ASSIGNMENT:
Without including any images, repeat the listing below exactly.

EXERCISE DATA:
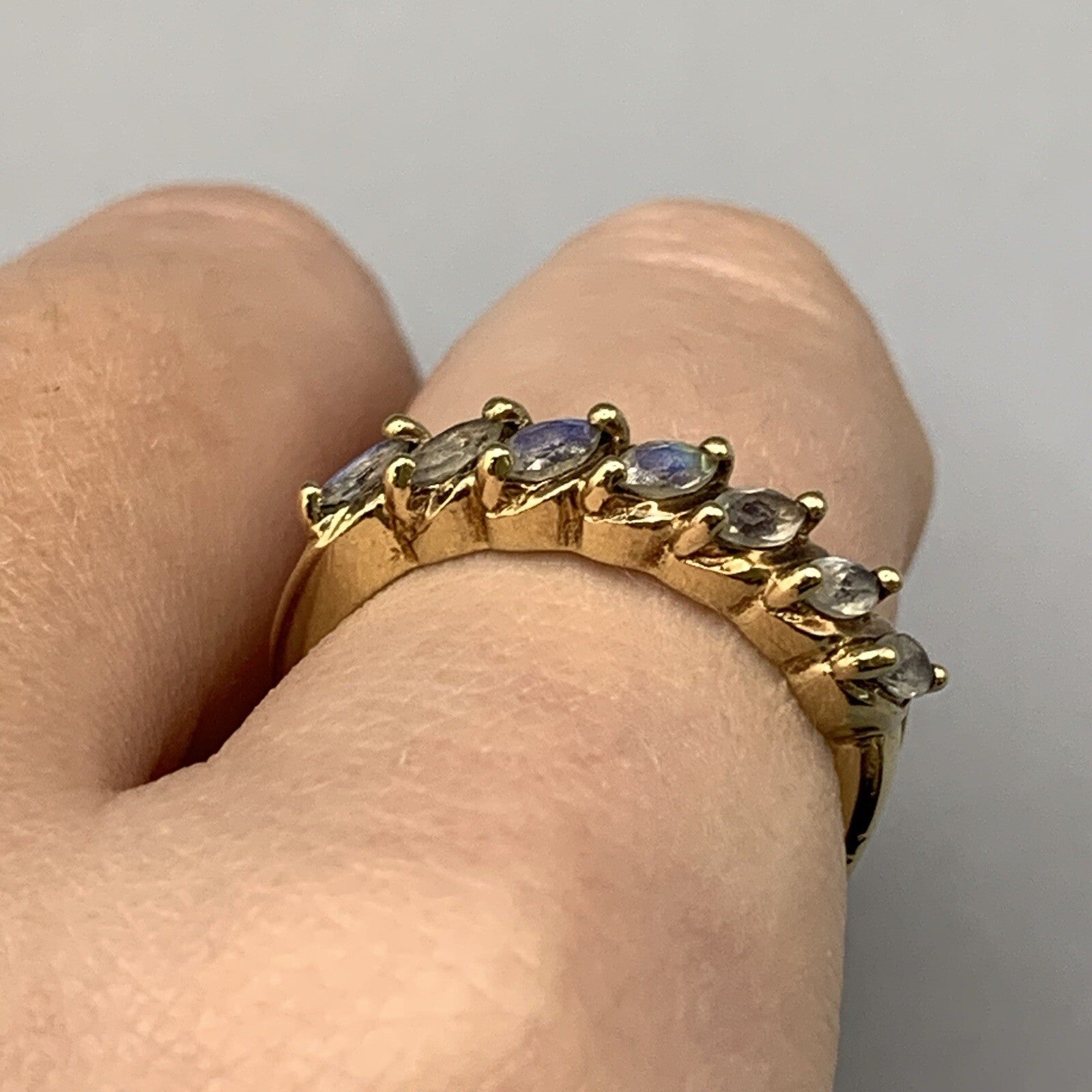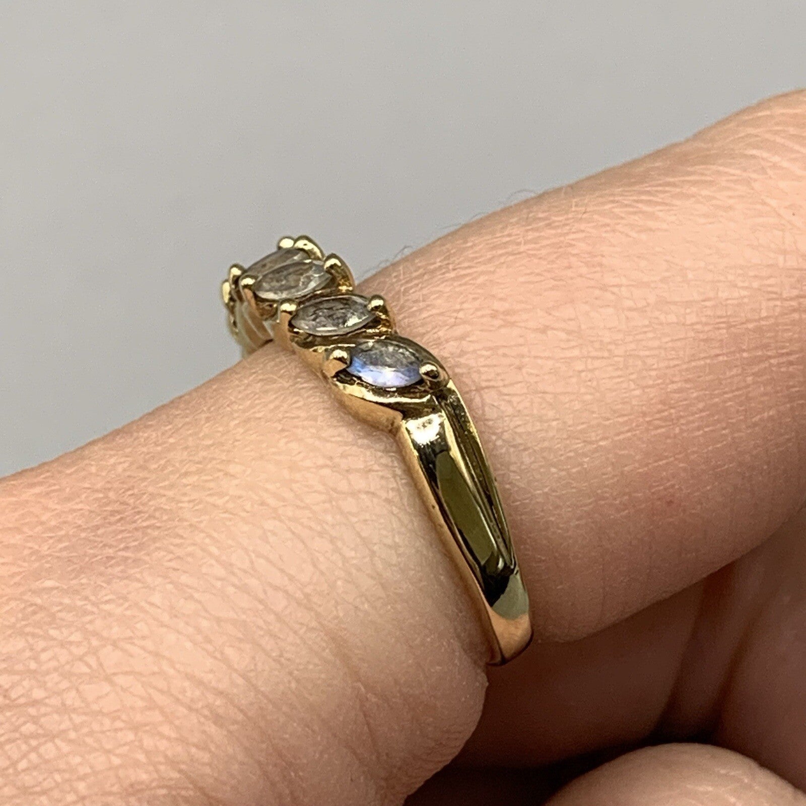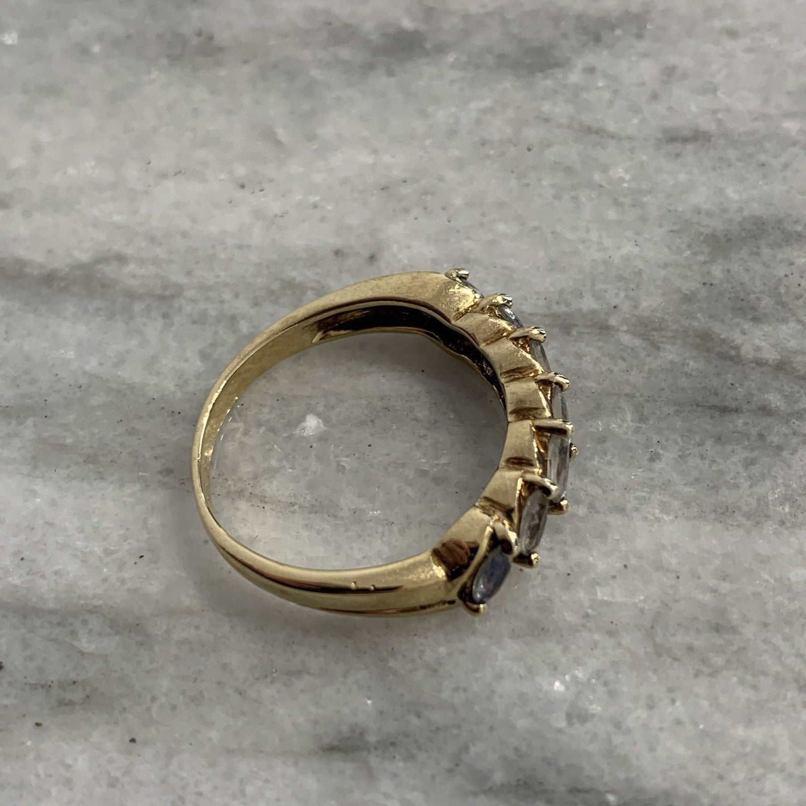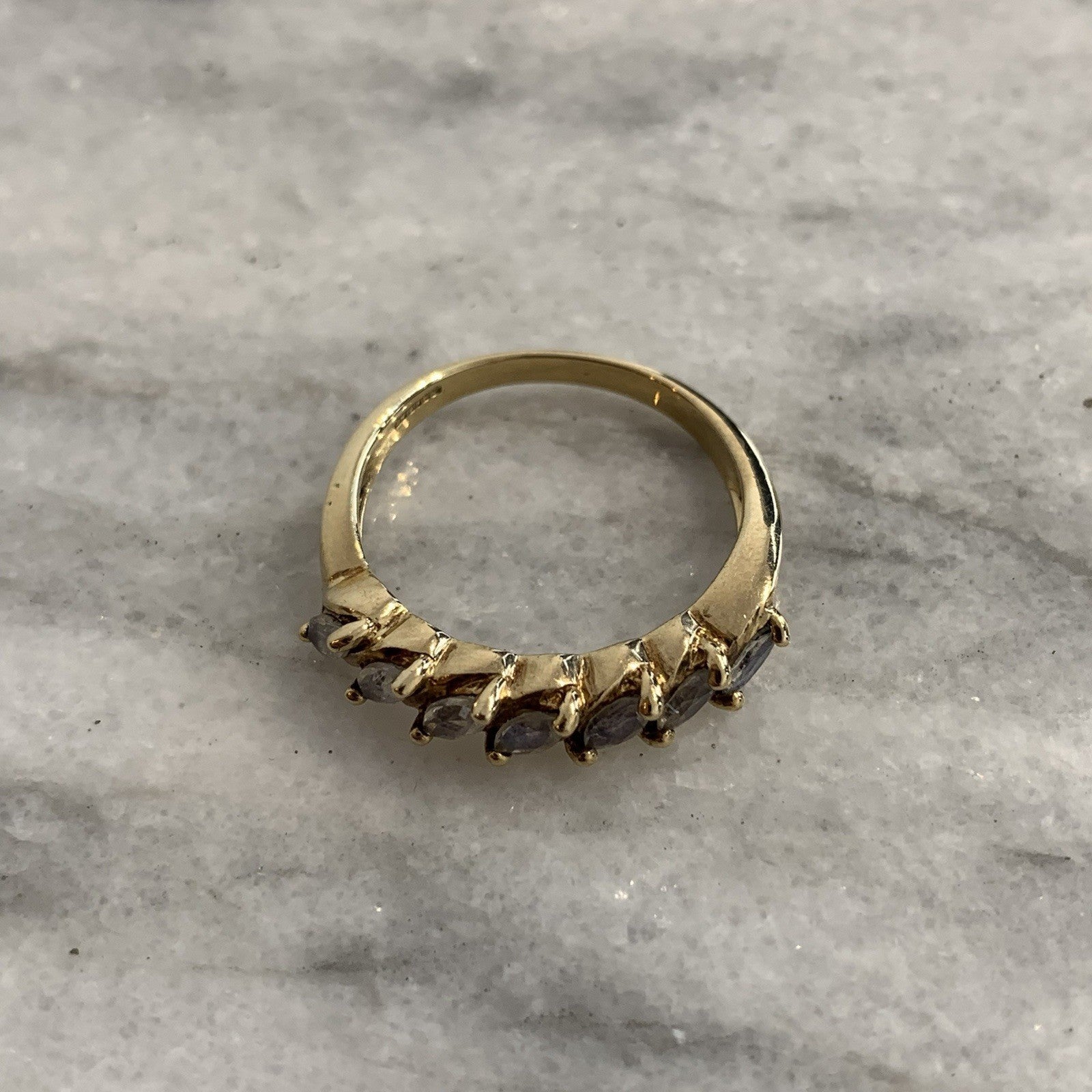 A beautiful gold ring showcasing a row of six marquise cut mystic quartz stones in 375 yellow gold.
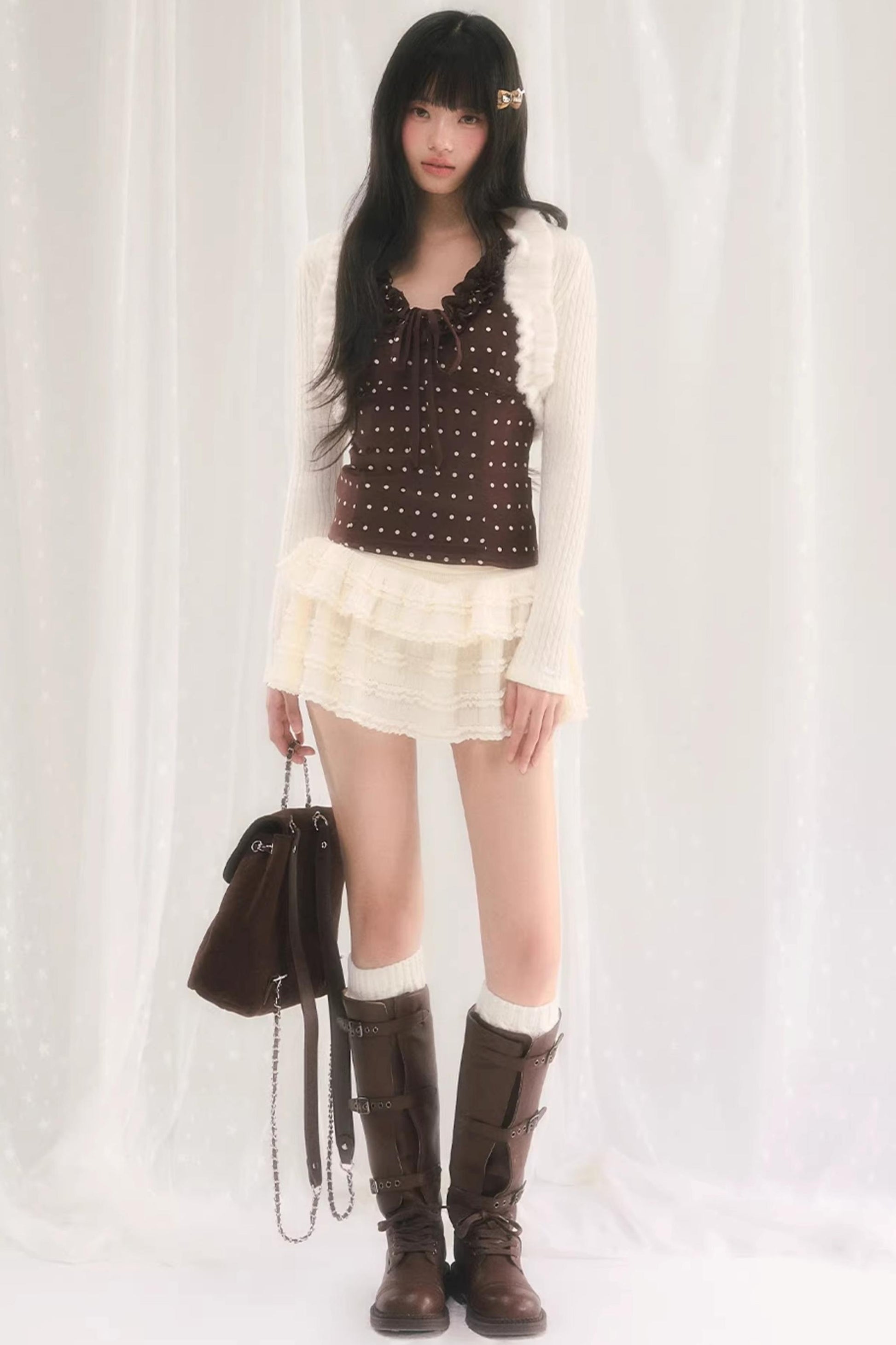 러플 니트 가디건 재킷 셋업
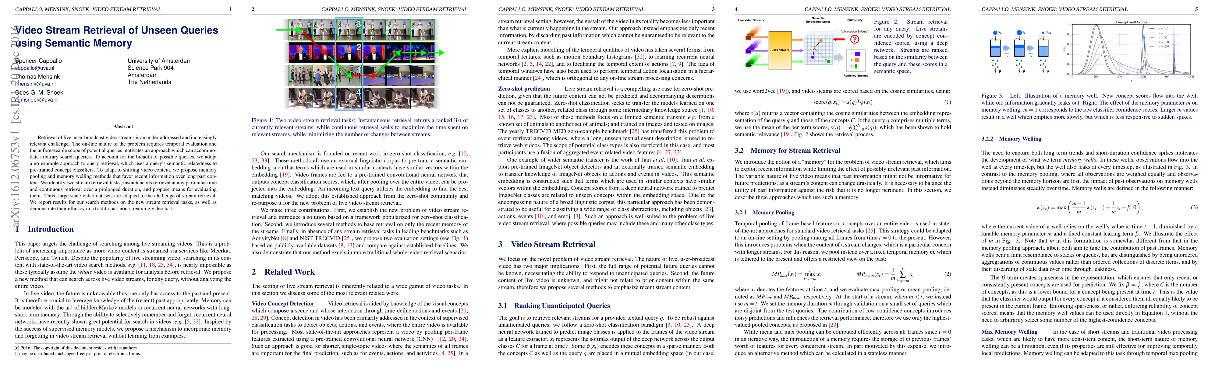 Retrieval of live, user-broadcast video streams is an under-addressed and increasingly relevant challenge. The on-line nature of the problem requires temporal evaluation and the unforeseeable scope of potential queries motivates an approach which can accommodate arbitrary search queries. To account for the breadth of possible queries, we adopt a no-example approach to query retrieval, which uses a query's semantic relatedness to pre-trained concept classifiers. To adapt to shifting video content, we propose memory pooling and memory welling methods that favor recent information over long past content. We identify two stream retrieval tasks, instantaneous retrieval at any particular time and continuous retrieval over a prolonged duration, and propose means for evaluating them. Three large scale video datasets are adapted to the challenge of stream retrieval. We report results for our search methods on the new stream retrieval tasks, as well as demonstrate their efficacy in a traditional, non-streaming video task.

ANSWER TO THE EXERCISE:
 A beautiful gold ring showcasing a row of six marquise cut mystic quartz stones in 375 yellow gold.
 러플 니트 가디건 재킷 셋업
 Retrieval of live, user-broadcast video streams is an under-addressed and increasingly relevant challenge. The on-line nature of the problem requires temporal evaluation and the unforeseeable scope of potential queries motivates an approach which can accommodate arbitrary search queries. To account for the breadth of possible queries, we adopt a no-example approach to query retrieval, which uses a query's semantic relatedness to pre-trained concept classifiers. To adapt to shifting video content, we propose memory pooling and memory welling methods that favor recent information over long past content. We identify two stream retrieval tasks, instantaneous retrieval at any particular time and continuous retrieval over a prolonged duration, and propose means for evaluating them. Three large scale video datasets are adapted to the challenge of stream retrieval. We report results for our search methods on the new stream retrieval tasks, as well as demonstrate their efficacy in a traditional, non-streaming video task.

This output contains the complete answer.